Although Reh-Fit only offers the program for people who’ve had total knee replacements — there are five participants since it opened a week ago — she said the plan is to expand to total hip-replacement patients as well.
Reh-Fit picked total knee replacements as a starting point, Thorsteinson said, simply because the group of patients having the operation was quite large and rehabilitation after such surgery is “super essential.”

The fact private providers such as Reh-Fit are starting to initiate low-cost options is quite heartening, said Jim Hayes of the Manitoba Physiotherapy Association.
One of the major concerns after the WRHA announced in July it was shuttering the bulk of the programming was many patients without insurance would not get the therapy they need because they wouldn’t be able to afford it.
“The fact that it’s taught by a physiotherapist, we believe is important,” Hayes said, not just because they’re there to explain the exercises and make sure they’re done correctly, but also because they provide a “trained eye” on recovering patients.
“It’s not a treatment, but it’s an observation,” he said. “From our vantage point, that’s extremely important because while it’s not a thorough assessment, it is sufficient observation that if a patient post-operatively is experiencing difficulty (the physiotherapist) would trigger further assessment and treatment.”
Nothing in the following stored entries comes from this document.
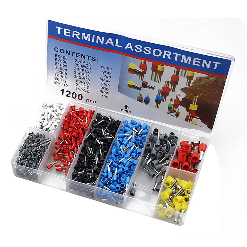 Трубчатый соединитель холодного давления для проводов, 1200 шт., электрические клеммы, обжимные наконечники для кабеля, набор наконечников для проводов с коробкой
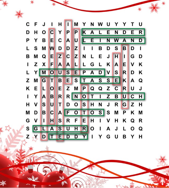 Ich habe folgende 18 Begriffe gefunden: 1. Leinwand 2. Kalender 3. Mousepad 4. Tasse 5. Buch 6. Fotos 7. Glasuhr 8. Teddy 9. Notizbuch 10. Glasbild 11. CEWE Fotobuch 12. Zaubertasse 13. iPadCase 14. Puzzle 15. Poster 16. Hase 17. Bierkrug 18. Job Re: Rätsel: Advent, Advent das dritte Lichtlein brennt1. Job
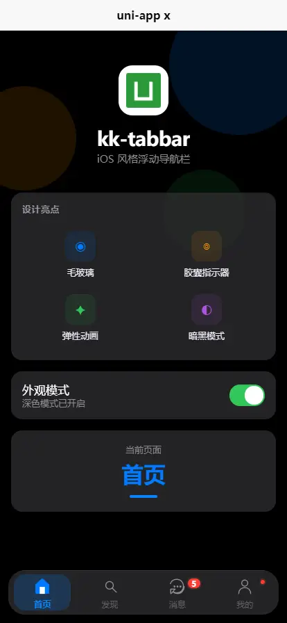 | 插件显示名称 | kk-tabbar iOS风格浮动底部导航 |

Outpatient physiotherapy is set to close Friday at Concordia Hospital, Deer Lodge Centre, Grace Hospital, Misericordia Health Centre, St. Boniface Hospital, Seven Oaks General Hospital and Victoria General Hospital.
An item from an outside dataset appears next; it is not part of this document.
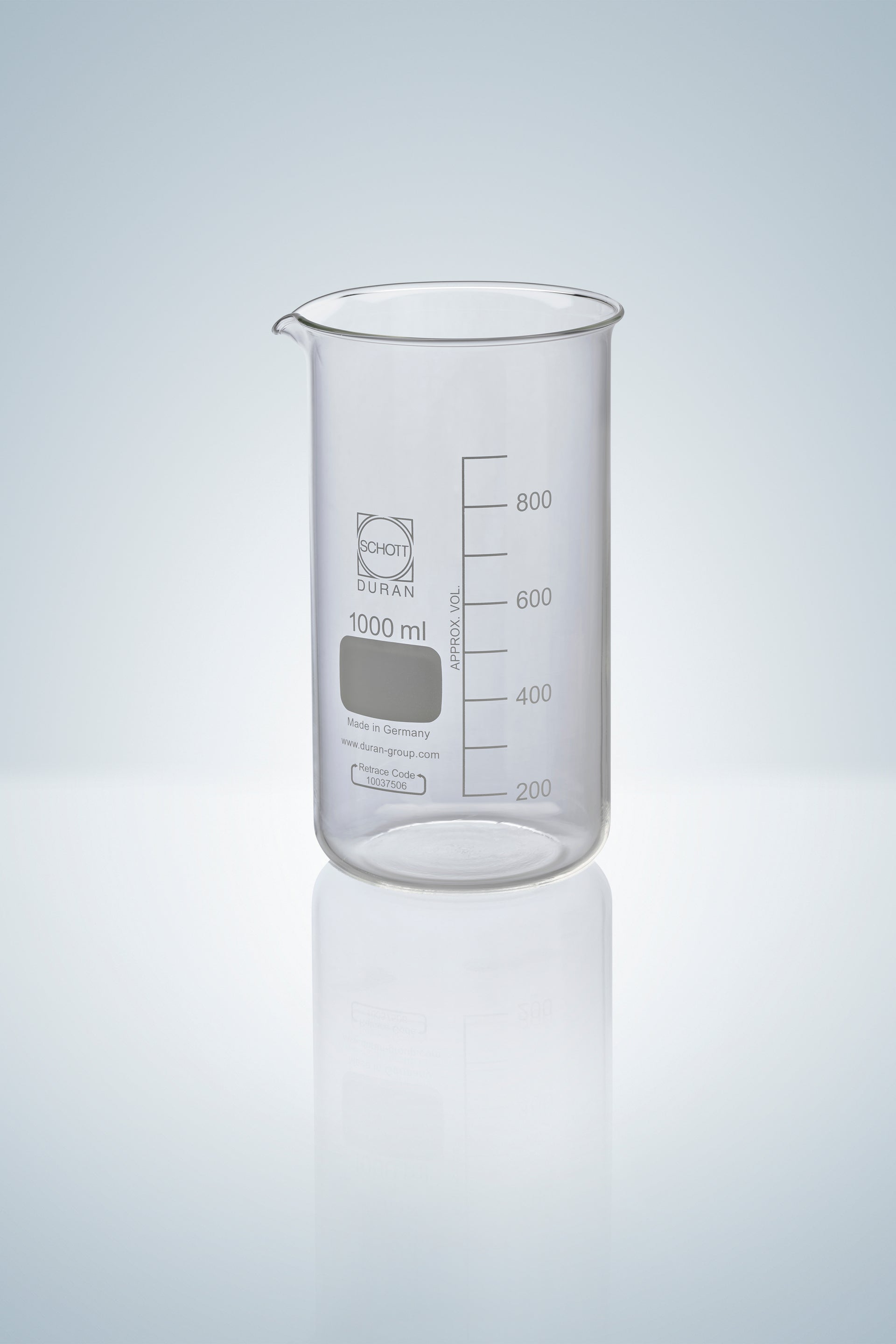 Beakers DURAN®, tall form, white graduation, 100 ml, height 80 mm, graduation and spout, outer diameter 48 mm, acc. to DIN 12 331.

Smaller, consolidated services are scheduled to begin Nov. 27 at Health Sciences Centre, where patients will be admitted to the program if they meet clinical criteria outlined by the health authority last month. Those who don’t meet the criteria will be referred out to private physiotherapists.
The majority of the outpatient physiotherapists will lose their jobs, while a dozen or so will be kept to staff the HSC program.